2.1 Read-level versus summary-level

Typically, single molecule footprinting data at the single read level is stored in modBam files, which are standard bam files (Li et al. (2009)) that in addition to the usual information on alignments also contain base modifications encoded in the ML and MM tags (see section 1.7 of SAMtags.pdf for details).

readModBam reads modBam files and can either keep the data at the level of individual reads or summarize them per genomic position and sample. This is controlled via the level argument to readModBam. By default, read-level data is imported. In fact, footprintR provides two modes for importing read-level data: level = "quickread" is often the fastest, but does not return the full set of read-level annotations, and is not compatible with read sampling. level = "read" on the other hand provides a more complete output, but is a bit slower. If level is not specified, footprintR will select the best mode based on the other arguments provided to readModBam (specifically, whether variant names or read sampling are requested). As illustrated in Section 2.4 below, summary data (aggregated across reads) can also be imported by setting level = "summary".

2.2 Data representation

Let’s start by reading individual reads from a modBam file for a small region of the genome:

Show/hide code

se <- readModBam(
    bamfiles = c(wt1 = "data/mESC_wt_6mA_rep1.bam",
                 wt2 = "data/mESC_wt_6mA_rep2.bam"),
    modbase = "a", 
    regions = "chr8:39286000-39286200", 
    seqinfo = seqinfo(gnm), 
    sequenceContextWidth = 1, 
    sequenceReference = gnm,
    trim = TRUE
)
se

class: RangedSummarizedExperiment 
dim: 201 2 
metadata(3): readLevelData variantPositions filteredOutReads
assays(1): mod_prob
rownames(201): chr8:39286000:- chr8:39286001:- ... chr8:39286198:+
  chr8:39286199:+
rowData names(1): sequenceContext
colnames(2): wt1 wt2
colData names(4): sample modbase n_reads readInfo

Here is a scheme that illustrates the internals of se containing read-level data:

SummarizedExperiment with read-level data in assays. — Figure 2.1

Let’s go through the individual parts.
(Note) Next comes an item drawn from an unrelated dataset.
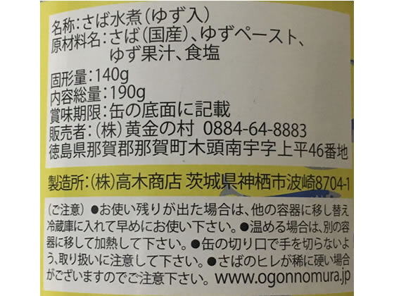 黄金の村 国産 寒さば 木頭ゆず水煮 1缶※軽(ご注文単位1缶)【直送品】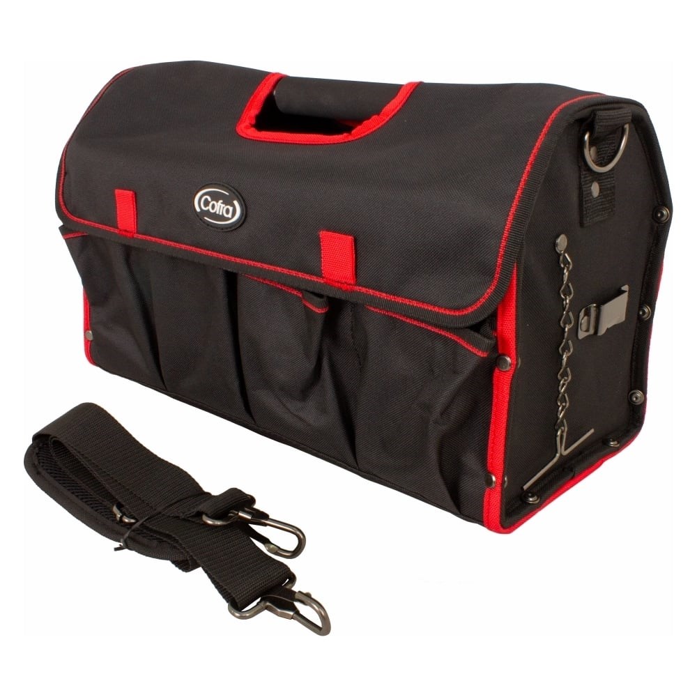 Сумка для инструментов COFRA с метал. фурнитурой, 425x200x260 мм, цвет красный/черный TC-4218WR представляет собой удобную модель для переноски и хранения инструментов и прочих пренадлежностей. Крытая сумка с текстильной крышкойКарманы - 10 внешних, 20 внутренних текстильных петель-держателейПлечевой ремень, стальные карабины, стальная ручка, стальная цепочка сбокуТекстильные застежки из нейлонаНа дне 2 рейки из полипропиленаВнутри дна и внутри боковых сторон полиэтиленовые вставки для жесткости

You can see that the data is contained in a RangedSummarizedExperiment object. This is a container that contains one or more assays (here only one assay called mod_prob). Each assay is a matrix-like object and contains the loaded data (here: base modification probabilities of individual reads).

Show/hide code

assayNames(se)

[1] "mod_prob"

The rows represent genomic positions and the columns represent samples. In our example, we have loaded data from two modBam files corresponding to the two samples "wt1" and "wt2", thus the object has two columns:

Show/hide code

ncol(se)

[1] 2

Show/hide code

colnames(se)

[1] "wt1" "wt2"

The 201 rows correspond to individual base positions, for which at least one modification has been loaded. You can get the genomic coordinates of these positions using rowRanges:

Show/hide code

nrow(se)

[1] 201

Show/hide code

rowRanges(se)

UnstitchedGPos object with 201 positions and 1 metadata column:
                  seqnames       pos strand | sequenceContext
                     <Rle> <integer>  <Rle> |  <DNAStringSet>
  chr8:39286000:-     chr8  39286000      - |               G
  chr8:39286001:-     chr8  39286001      - |               A
  chr8:39286002:+     chr8  39286002      + |               A
  chr8:39286003:-     chr8  39286003      - |               A
  chr8:39286004:+     chr8  39286004      + |               A
              ...      ...       ...    ... .             ...
  chr8:39286195:+     chr8  39286195      + |               A
  chr8:39286196:+     chr8  39286196      + |               A
  chr8:39286197:-     chr8  39286197      - |               A
  chr8:39286198:+     chr8  39286198      + |               A
  chr8:39286199:+     chr8  39286199      + |               A
  -------
  seqinfo: 61 sequences (1 circular) from mm39 genome

These positions are stranded, as base modifications can be observed on either of the two strands:

Show/hide code

table(strand(se))


  +   -   * 
100 101   0

Finally, the individual reads of a sample are stored in the assay, inside the “column” of that sample:

Show/hide code

assayNames(se)

[1] "mod_prob"

Show/hide code

assay(se, "mod_prob")

DataFrame with 201 rows and 2 columns
                         wt1          wt2
                  <NaMatrix>   <NaMatrix>
chr8:39286000:- NA:NA:NA:... NA:NA:NA:...
chr8:39286001:-  0:NA:NA:...   0:NA:0:...
chr8:39286002:+   NA:0:0:...  NA:0:NA:...
chr8:39286003:-  0:NA:NA:...   0:NA:0:...
chr8:39286004:+   NA:0:0:...  NA:0:NA:...
...                      ...          ...
chr8:39286195:+  NA:0:NA:...  NA:0:NA:...
chr8:39286196:+  NA:0:NA:...  NA:0:NA:...
chr8:39286197:-  0:NA:NA:...   0:NA:0:...
chr8:39286198:+  NA:0:NA:... NA:NA:NA:...
chr8:39286199:+  NA:0:NA:... NA:NA:NA:...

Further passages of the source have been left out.